Sem grande surpresa, a votação de ontem no Senado brasileiro confirmou a perda de mandato da Presidenta eleita Dilma Rousseff por alegados crimes fiscais e de responsabilidade. Ora, não só esses crimes não foram provados como, pelo facto de numa surpreendente segunda votação se permitir que Dilma seja candidata a cargos públicos, ficou claro que essa nunca foi a verdadeira razão deste verdadeiro auto-de-fé. Não tendo nunca aceitado a re-eleição de Dilma em 2014, os seus opositores cedo gizaram este plano. Não havendo crime de responsabilidade e mesmo assim havendo destituição trata-se de um golpe? Claramente, sim.
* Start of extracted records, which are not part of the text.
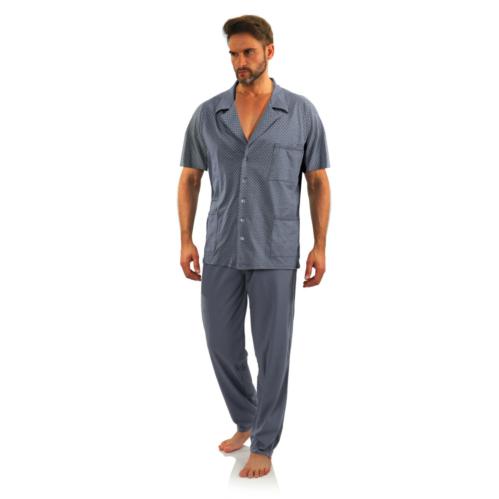 Pijamale bărbați Sesto Senso cu fermoar și mâneci scurte - ancore din grafit
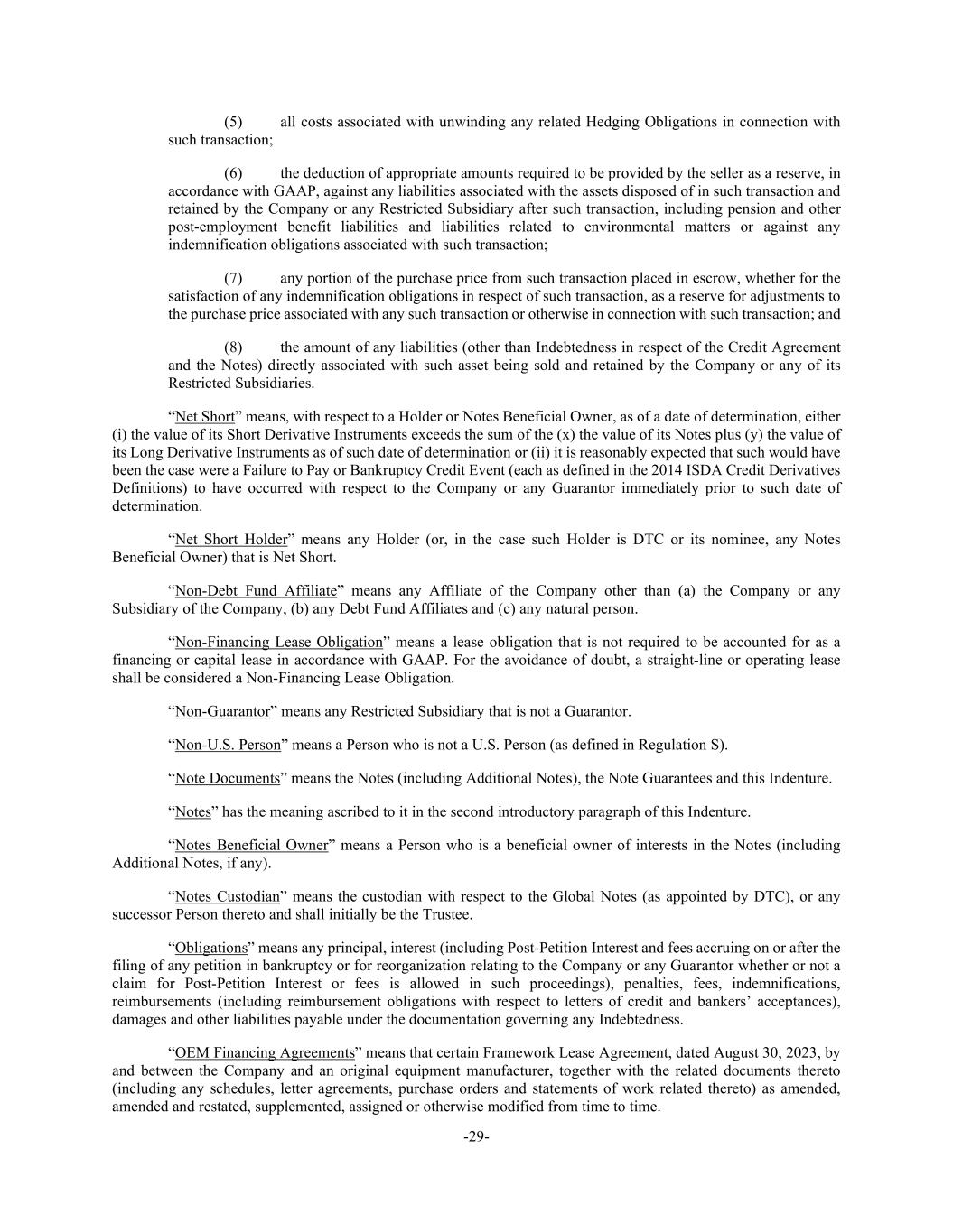 -29- (5) all costs associated with unwinding any related Hedging Obligations in connection with such transaction; (6) the deduction of appropriate amounts required to be provided by the seller as a reserve, in accordance with GAAP, against any liabilities associated with the assets disposed of in such transaction and retained by the Company or any Restricted Subsidiary after such transaction, including pension and other post-employment benefit liabilities and liabilities related to environmental matters or against any indemnification obligations associated with such transaction; (7) any portion of the purchase price from such transaction placed in escrow, whether for the satisfaction of any indemnification obligations in respect of such transaction, as a reserve for adjustments to the purchase price associated with any such transaction or otherwise in connection with such transaction; and (8) the amount of any liabilities (other than Indebtedness in respect of the Credit Agreement and the Notes) directly associated with such asset being sold and retained by the Company or any of its Restricted Subsidiaries. “Net Short” means, with respect to a Holder or Notes Beneficial Owner, as of a date of determination, either (i) the value of its Short Derivative Instruments exceeds the sum of the (x) the value of its Notes plus (y) the value of its Long Derivative Instruments as of such date of determination or (ii) it is reasonably expected that such would have been the case were a Failure to Pay or Bankruptcy Credit Event (each as defined in the 2014 ISDA Credit Derivatives Definitions) to have occurred with respect to the Company or any Guarantor immediately prior to such date of determination. “Net Short Holder” means any Holder (or, in the case such Holder is DTC or its nominee, any Notes Beneficial Owner) that is Net Short. “Non-Debt Fund Affiliate” means any Affiliate of the Company other than (a) the Company or any Subsidiary of the Company, (b) any Debt Fund Affiliates and (c) any natural person. “Non-Financing Lease Obligation” means a lease obligation that is not required to be accounted for as a financing or capital lease in accordance with GAAP. For the avoidance of doubt, a straight-line or operating lease shall be considered a Non-Financing Lease Obligation. “Non-Guarantor” means any Restricted Subsidiary that is not a Guarantor. “Non-U.S. Person” means a Person who is not a U.S. Person (as defined in Regulation S). “Note Documents” means the Notes (including Additional Notes), the Note Guarantees and this Indenture. “Notes” has the meaning ascribed to it in the second introductory paragraph of this Indenture. “Notes Beneficial Owner” means a Person who is a beneficial owner of interests in the Notes (including Additional Notes, if any). “Notes Custodian” means the custodian with respect to the Global Notes (as appointed by DTC), or any successor Person thereto and shall initially be the Trustee. “Obligations” means any principal, interest (including Post-Petition Interest and fees accruing on or after the filing of any petition in bankruptcy or for reorganization relating to the Company or any Guarantor whether or not a claim for Post-Petition Interest or fees is allowed in such proceedings), penalties, fees, indemnifications, reimbursements (including reimbursement obligations with respect to letters of credit and bankers’ acceptances), damages and other liabilities payable under the documentation governing any Indebtedness. “OEM Financing Agreements” means that certain Framework Lease Agreement, dated August 30, 2023, by and between the Company and an original equipment manufacturer, together with the related documents thereto (including any schedules, letter agreements, purchase orders and statements of work related thereto) as amended, amended and restated, supplemented, assigned or otherwise modified from time to time.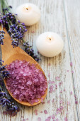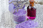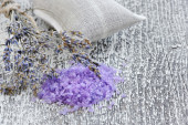 sól do kąpieli Aromaterapia i suszonej lawendy na stary stół z drewna

Os apoiantes da destituição de Dilma, justiça lhes seja feita, nunca tiveram grandes problemas em nem sequer referir as razões legais que poderiam levar ao seu afastamento da presidência. Mas se antes optavam por não o fazer, alegando uma hipotética luta contra a corrupção – e sendo eles próprios, na sua grande maioria, condenados por crimes desse cariz – nos últimos dias não houve sequer esse esforço. Veja-se por exemplo a entrevista dada pela Senadora Simone Tebet ao DN dizendo que se trata de “um julgamento político” ou, ainda de forma mais clara, as declarações do Senador Acir Gurgacz em que afirma ter a convicção de que não houve crime de responsabilidade fiscal. Mais claro era difícil.
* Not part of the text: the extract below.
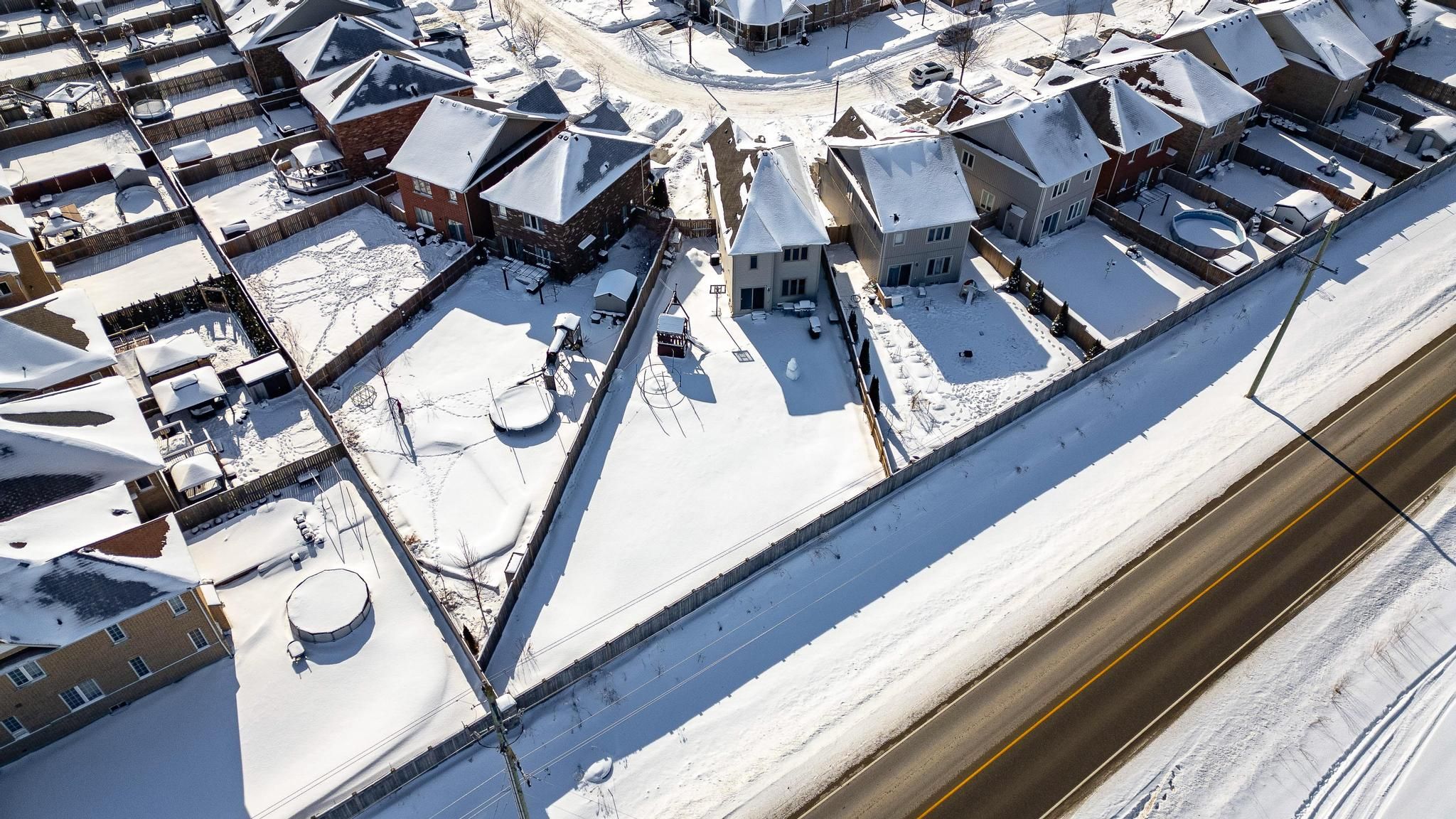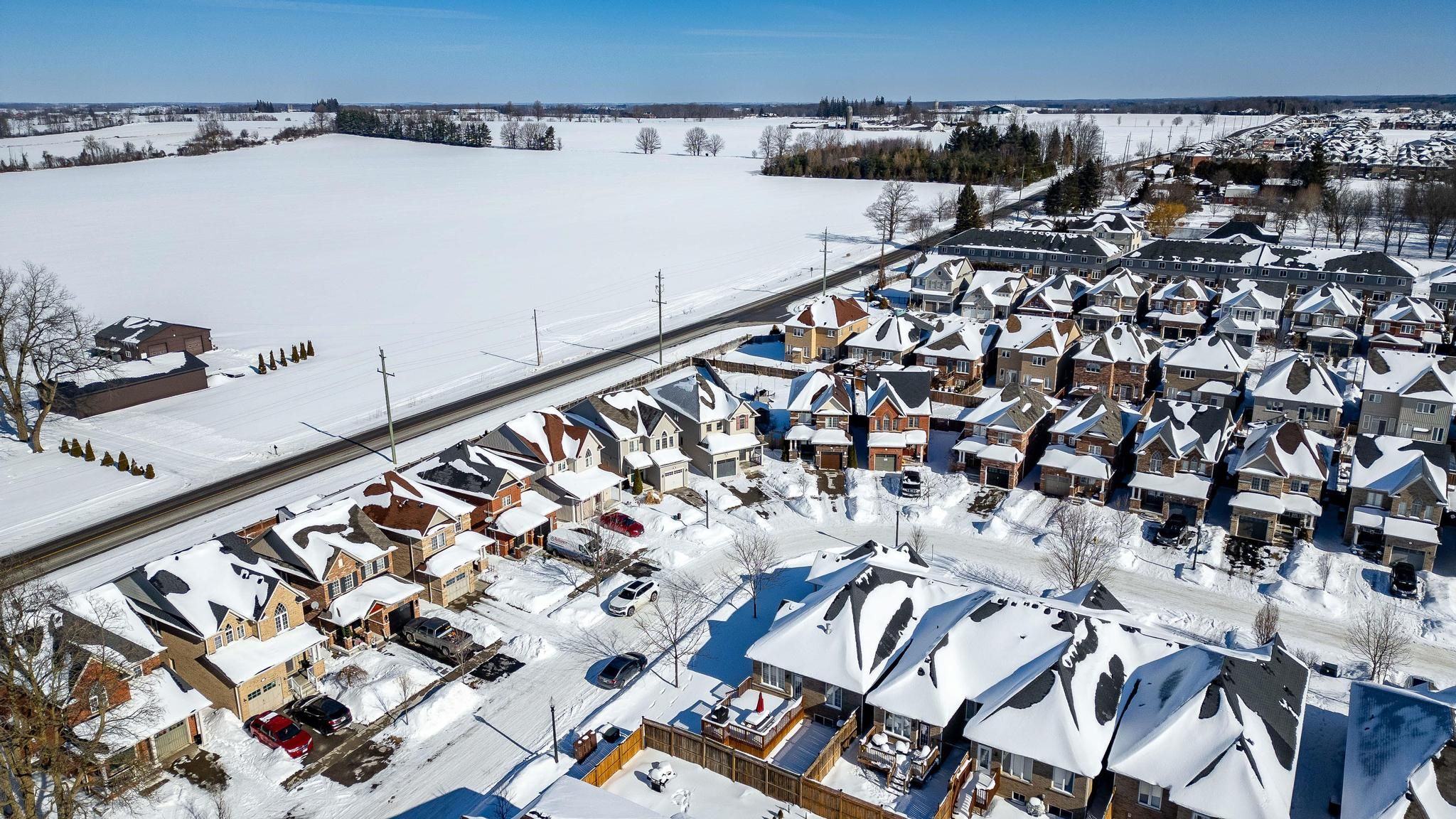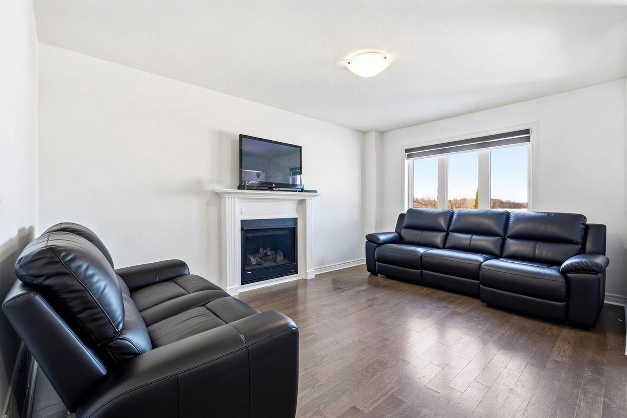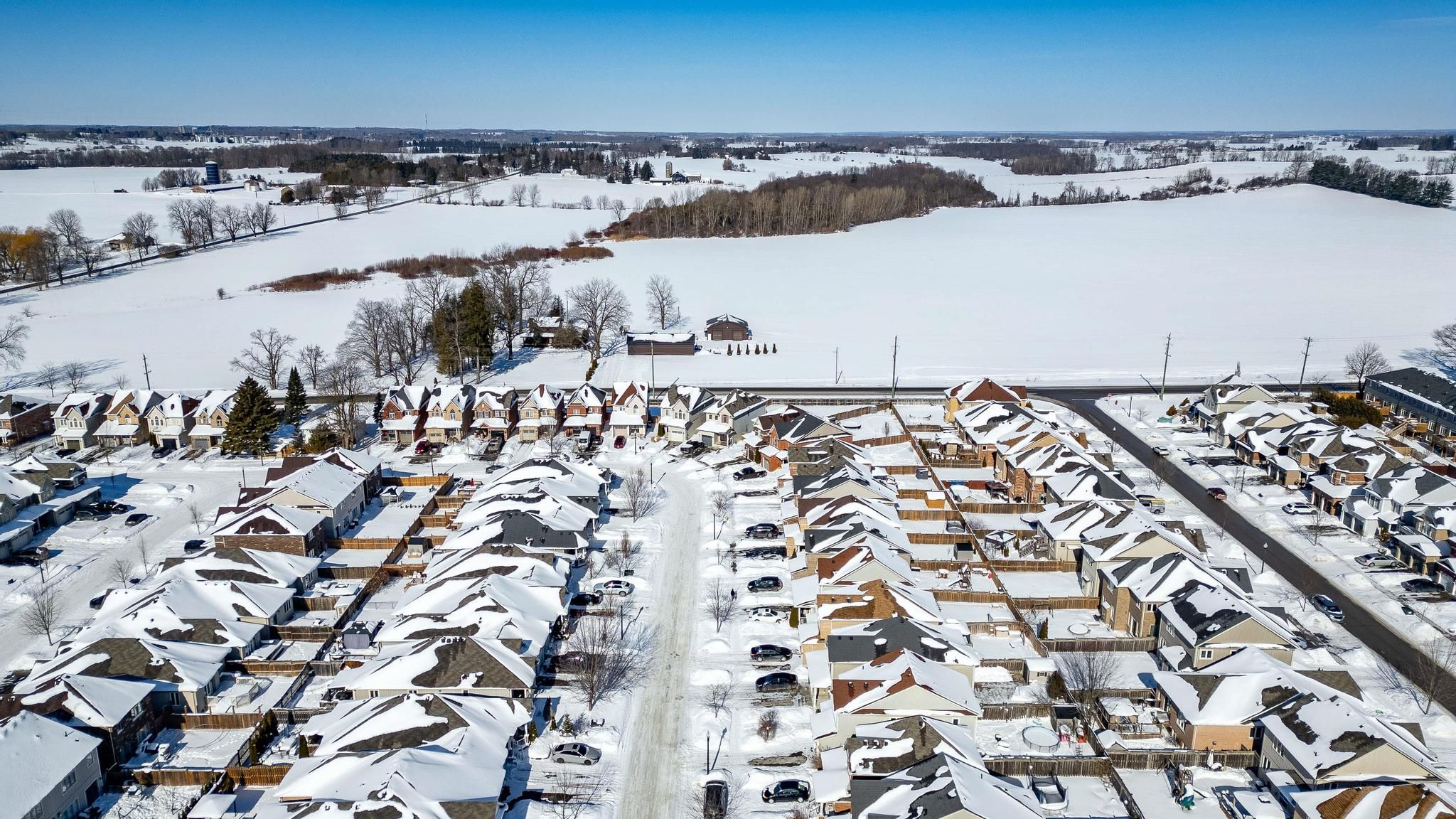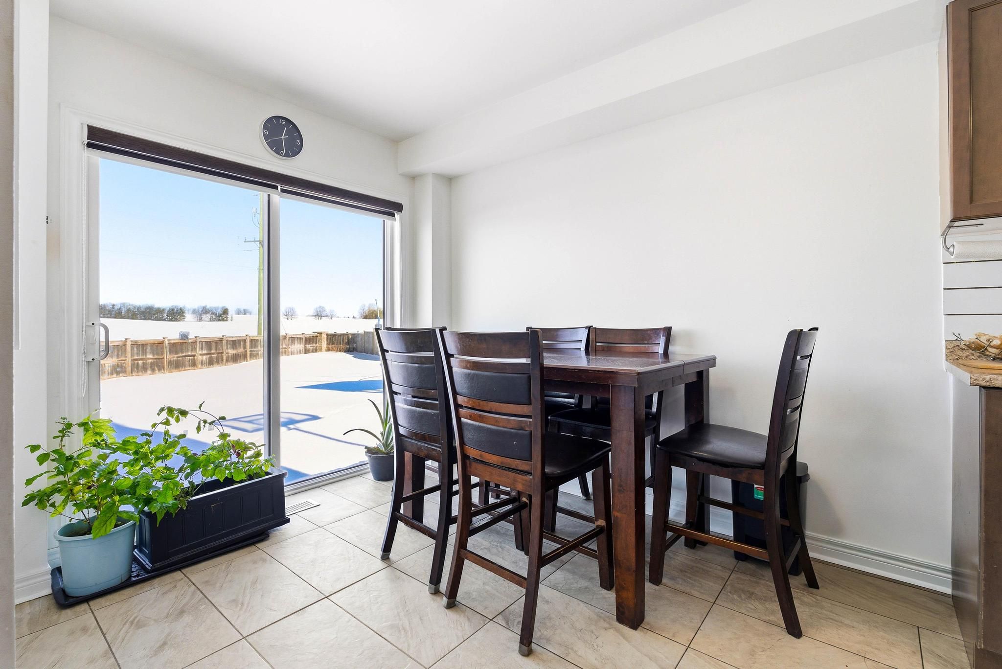 This inviting family residence offers roughly 1,800? Sq? Ft in a rapidly developing north woodstock neighbourhood just five miles from highway? 401 and the toyota plant, place of worship. The main level features hardwood flooring and oversized ceramic tiles in the kitchen, foyer and bathrooms. An open-concept layout showcases upgraded cabinetry, a dining area with patio doors, and a cozy family room with gas fireplace and mantel. Off the two-car garage is a mudroom/laundry space for added convenience. Upstairs, a solid walnut staircase leads to two spacious bedrooms and a generous primary suite with walk-in closet and luxury ensuite, complete with tiled glass walk-in shower and separate soaker tub. Outside, the extra-large pie-shaped, fully fenced yard backs onto open fields with no rear neighbours, offering beautiful sunset views over oxford's farmland.

Perante isto, há apenas dois posicionamentos possíveis: ou contra ou a favor do golpe. Pouco interessa aqui a opinião pessoal que cada um possa ter em relação a Dilma, ao PT e às suas políticas. Pouco interessa que a opinião pública brasileira possa, na sua maioria, preferir ver Dilma afastada da presidência. Em Democracia, não havendo crimes, há apenas um modo de afastar um Presidente eleito: eleições. E nessa arena democrática foi Dilma quem venceu e tem, por conseguinte, o direito a governar o país. Fechar os olhos a esta realidade é ser complacente com o golpe que a História pouco tardará a julgar.
E onde estão os que, de camisola da selecção brasileira de futebol ao peito, se manifestavam contra Dilma (e contra a corrupção, diziam)? A grande maioria deles, uma vez que desejava pura e simplesmente conseguir deste modo o que não havia conseguido nas urnas, calar-se-á imediatamente. Mas depois há os outros, que se refugiam na confortável generalização que diz que os políticos brasileiros são todos iguais e corruptos, esquecendo assim que a própria Dilma mostra a falsidade dessa afirmação. Outros ainda, achando-se muito democratas, assumirão até que este afastamento não foi legal mas que, sendo por um “bem maior”, é aceitável. Mas não, não é. A democracia não é um interruptor que se possa acender e apagar ao sabor dos desejos momentâneos.
O futuro não é difícil de imaginar, bastando olhar para o que Michel Temer, um dos golpistas-mor, fez enquanto presidente interino: políticas de cortes nos programas sociais e um governo sem minorias e sem mulheres. Um retracto não do verdadeiro Brasil mas de um Brasil à imagem dos que destituíram Dilma Rousseff. Nesse capítulo, e apesar do número absurdamente baixo de mulheres no Senado brasileiro, não deixa de ser relevante a distribuição dos seus votos: 6 em 61 a favor e 7 em 21 contra o impeachment.
Por fim, deixo um desafio àqueles que estão sinceramente convencidos que a destituição de Dilma foi por um bem maior e que a partir de agora o Brasil entrará no rumo certo. Escrevam uma carta endereçada a vocês mesmos, descrevendo o vosso estado de espírito e explanando todas essas vossas esperanças. Guardem-na e abram-na daqui a um par de anos. Verão como afinal as coisas estão piores. Por agora e consumado o golpe, começa a luta.